"Mimpi adalah kunci untuk menaklukkan dunia", kata Giring Nidji. Mimpi menjadi motor penggerak ke a rah perbaikan. Bagaimana menurut adagium lama "Mimpi memang tak menjamin kita sukses tapi, tanpa mimpi jangan harap bisa sukses".
Apalagi sebuah mimpi itu adalah buah pikiran dari orang-orang sukses termasuk para pemangku kebijakan. Kebanyakan kita hanya sebagai komentator bukan pelaku. Boleh jadi si pelaku sudah menatap masa depan cerah.
Sekadar saya contoh tentang sejarah pembuatan tugu monas (monument nasional) yang saya lansir dari kompas.com. Dahulu, presiden pertama kita Ir.

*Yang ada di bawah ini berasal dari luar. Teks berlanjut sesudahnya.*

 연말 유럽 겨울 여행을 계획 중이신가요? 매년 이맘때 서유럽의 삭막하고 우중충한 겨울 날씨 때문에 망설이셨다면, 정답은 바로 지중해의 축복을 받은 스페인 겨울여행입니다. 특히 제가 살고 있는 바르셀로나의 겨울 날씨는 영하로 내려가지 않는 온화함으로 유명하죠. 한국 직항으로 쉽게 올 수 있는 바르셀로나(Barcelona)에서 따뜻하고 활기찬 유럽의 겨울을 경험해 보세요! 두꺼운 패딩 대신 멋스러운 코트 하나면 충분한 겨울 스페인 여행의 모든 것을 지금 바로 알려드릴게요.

Soekarno berambisi untuk membuat sebuah monument yang akan melambangkan kebesaran bangsa Indonesia.
Ternyata rencana tersebut dikritik keras lantaran perekonomian Indonesia sangat buruk waktu itu, lain lagi menumpuknya hutang negara, ekspor lesu dan inflasi meroket. Namun presiden soekarno tetap bersikeras dalam mewujudkan mimpinya.

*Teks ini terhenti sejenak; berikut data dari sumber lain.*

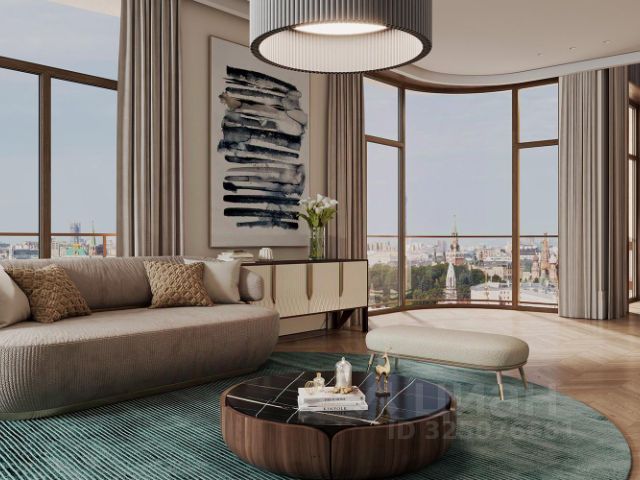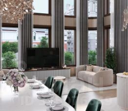 Единственная квартира в доме с отделкой и мебелью, её площадь 201,5 кв. м. Дизайн пространства разработало международное архитектурное бюро Олега Клодта. Продуманная планировка разделена на две зоны. В парадной части расположена кухня-гостиная площадью 85 кв. м, гостевой санузлел и прихожая, а в приватной - три спальни. Из панорамных окон просторной кухни-гостиной открываются впечатляющие прямые виды на Кремль, храм Христа Спасителя и Москва-Сити. Панорамные окна спален выходят в тихий приватный двор-парк с живописным ландшафтным дизайном, фонтаном и ручьём. В каждой спальне свой санузел и гардеробная.

Akhirnya, pada 16 Agustus 1961 pembangunan monas dimulai. Walaupun proses rekontruksinya memakan waktu hingga 14 tahun.
Pembangunan monas dicanangkan dengan dua tahap dengan mengambil perencanaan, kontruksi dan material dari bumi pertiwi. Tahap pertama resmi dimulai 17 Agustus dan presiden bertindak sebagai peletak pasak beton pertama.

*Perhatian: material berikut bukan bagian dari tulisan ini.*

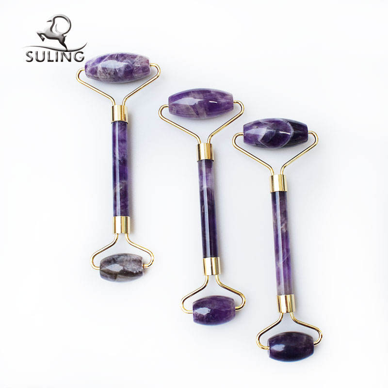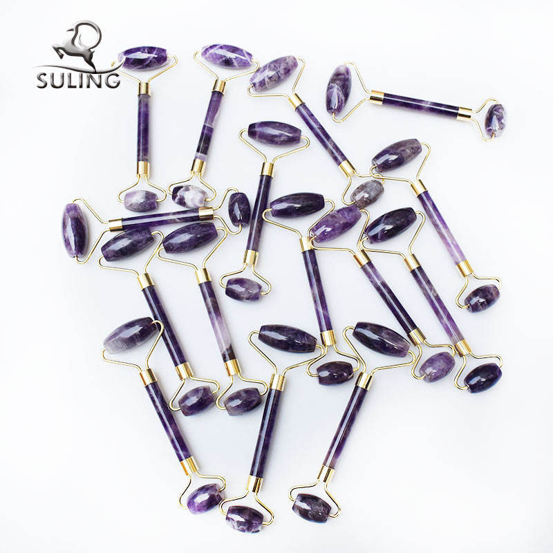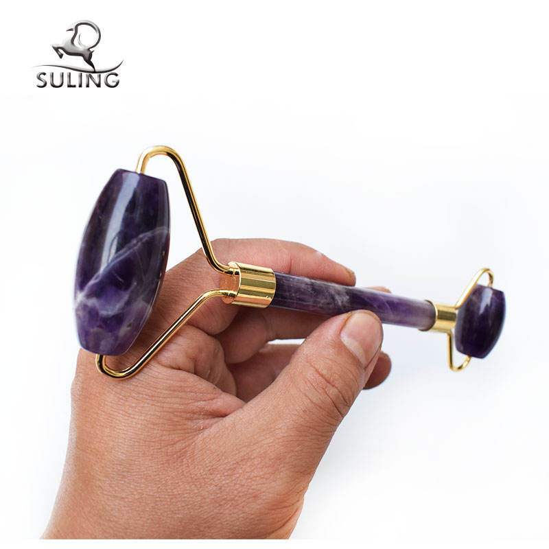 Meilleur Prix Portable Améthyste Rouleau de Jade Gua Sha Beauté Massage Du Visage Violet Cristal Jade Rouleau Pour Le Visage

Pondasinya saja ada sekitar 284 pasak beton dan 360 pasak bumi. Rancangan pondasi ini rampung pada Maret 1962. Tujuh bulan berikutnya tepatnya Oktober, disusul perampungan dinding museum yang ada di dasar monas.
Di tahap kedua, pembangunannya lebih terfokus pada pembangunan fisik yang di panitiai oleh Panitia Tugu Nasional dan diketuai Mendikbud pada 1966. Namun pembangunan ini sempat terhenti disebabkan Gerakan 30 September atau yang lebih dikenal dengan sebutan G 30 S/PKI.
Akhirnya, Presiden Soeharto meresmikan monas untuk dikunjungi khalayak umum. Walaupun sebelumnya menuai berbagai protes dari berbagai pihak.
Apa yang dapat kita ambil dari cerita diatas?
Ternyata mimpi pemimpin itu lebih cermat dan cemerlang dibandingkan rakyat biasa.